I've done a few more comparisons. When we look for Neandertal 10-SNP haplotypes in CEU versus TSI (the sample from Tuscany), we find mostly the same haplotypes in both samples. A haplotype in 10 copies in CEU is certain to be in TSI, and vice-versa.

Neandertal haplotypes on chromosome 19 histogram in CEU and TSI HapMap samples

Number of copies in CEU goes across the bottom, TSI back into the picture. This is such a striking difference from the CEU-CHD comparison. It's very comforting to me, because this is totally the expected pattern -- CEU and TSI should have the same things, because they share most of their population history! I will mention that for the X chromosome, CHB and JPT have a similar pattern, they mostly share the same stuff. This helps lend some significance on the finding below that GIH is also pretty different from all these other samples.
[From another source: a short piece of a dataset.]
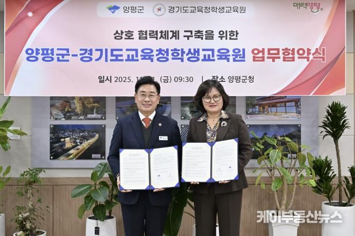 케이부동산뉴스 김교민 기자 | 양평군은 11월 21일, 경기도교육청학생교육원과 지역기반의 체험 중심 교육 활성화 및 상호 협력체계 구축을 위한 업무협약을 체결했다.

You can see that there is one locus where CEU has more than 100 copies (the little cluster there indicates that this haplotype extends over more than 10 SNPs, in fact it's 13 SNPs with possibly 2-3 flanking SNPs forming a decay pattern on either side; the total length is around 150 kb. There are more than 80 copies in Tuscans, and more than 40 in Gujaratis, but only a single copy in the Chinese sample. Three genes lie in this interval but none point to any obvious hypothesis (to me, at least), about why the Neandertal haplotype would be especially common in western Eurasia. I note it because this is the first Neandertal haplotype I've found with a frequency up over 20 percent or so; this one is about 60 percent in CEU and 50 percent in TSI.

The Gujarati (GIH) sample adds its own distinct twist. There is some overlap between GIH and CEU, and some overlap between GIH and CHD. But by and large the same pattern obtains as between Europe and China: India has its own Neandertal common variants, not widely shared with either CEU or CHD. For example, here's the CHD comparison; CHD going toward left, GIH toward right. The basic pattern is that most cases are clusted on the edge of the graph, few are scattered across most of the area, and there's no consistent pattern among them. Still, the highest-frequency GIH case is the same as the high-frequency haplotype noted in CEU and TSI above.
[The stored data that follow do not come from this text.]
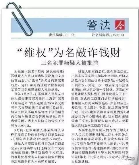 职业打假 犯罪嫌疑人在进口商店购买没有中文标签的商品后,以“维权”的名义向商家勒索钱财。近日,天津滨海新区塘沽检察院将孙某某等三名犯罪嫌疑人批准逮捕。
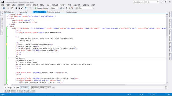 Step 3: Use the following Source code for the “Event.Html” in the Design Page View.
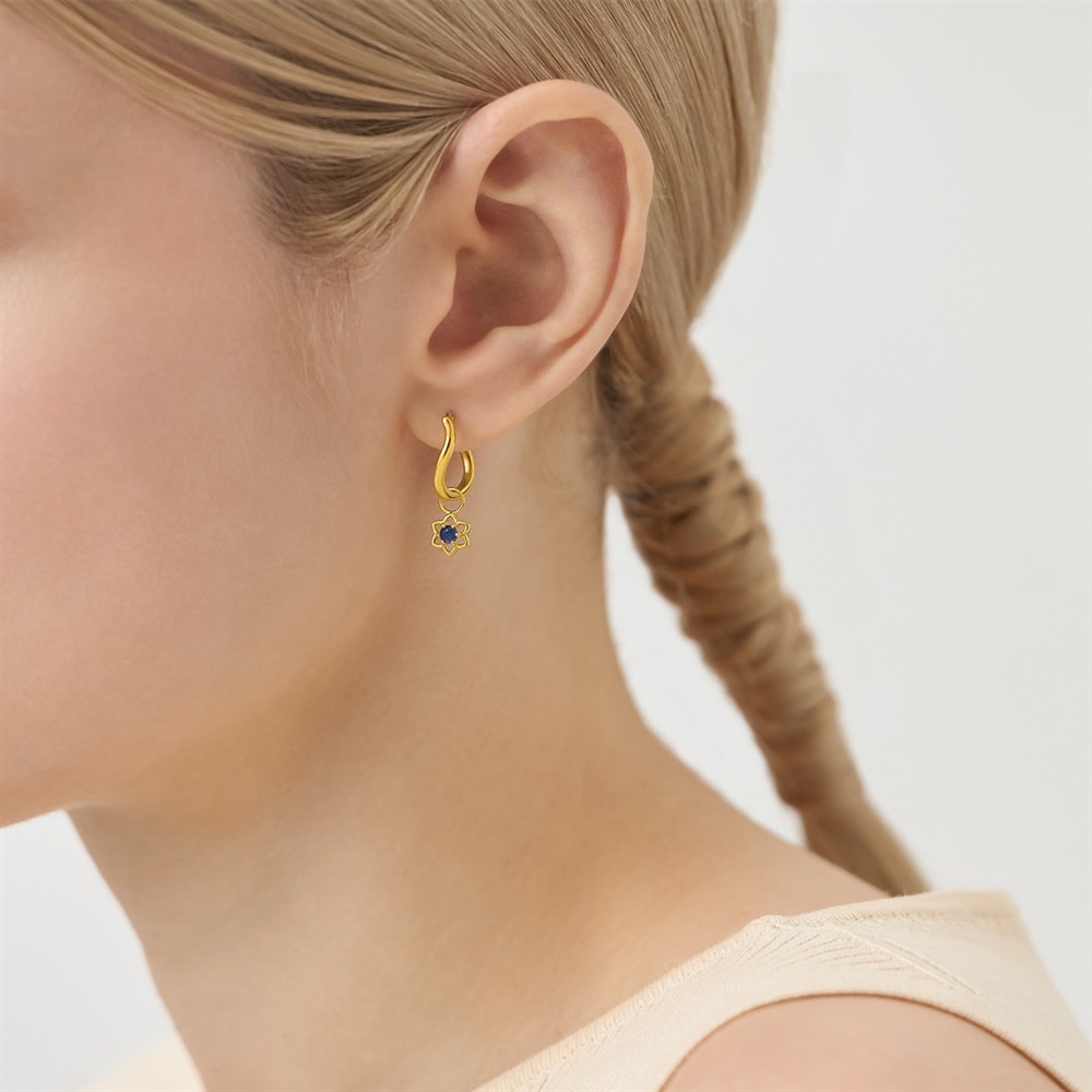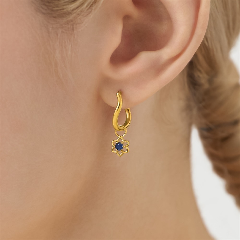 はみがき、着替え、今日のピアス -EARFLOW-自分仕様にカスタマイズ 選ぶ楽しさをその手に-CUSTOM FIT-星形の花を思わせる繊細なフォルムに澄んだサファイアがきらめくピアスチャーム。顔周りに知的で洗練された輝きを添えます。9月の誕生石であるサファイアは誠実さや慈愛を象徴し、身に着けるだけで凛とした印象になります。フープのピアスやイヤリングに通してお使いいただけるアイテムです。※天然石・天然素材を使用しているため、実際の色味や風合いが異なる場合がございます。【同コレクションのアイテムはこちら】【コーディネートにおすすめのピアス】 品番:152624250064 品番:152624251125

Neandertal haplotypes on chromosome 19 histogram in CHD and GIH samples

These examples should demonstrate pretty clearly that this is not solely an X chromosome phenomenon; basically we're looking at the effects of drift in small ancient populations after they mixed with Neandertals.
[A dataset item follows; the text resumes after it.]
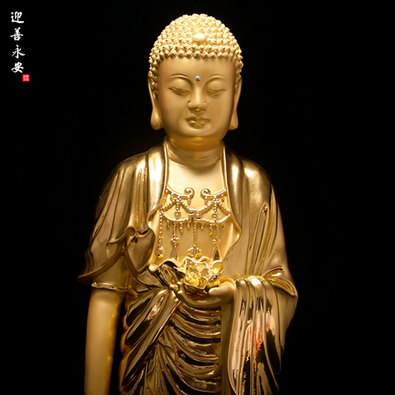 西方三圣阿弥陀佛佛像纯手工家居摆件贴金工艺可定制金身摆设佛堂

I did have an excellent question today after my talk where I discussed this pattern -- how do we know that this isn't separate mixture events giving rise to different Neandertal-derived variants in different recent humans?

That's not a trivial question to answer, and I don't think we could easily rule out the hypothesis in the abstract. But the fact that these populations have very similar fractions of Neandertal contribution overall does suggest a single history of mixing. I'll give this some more consideration as I look across the rest of the genome.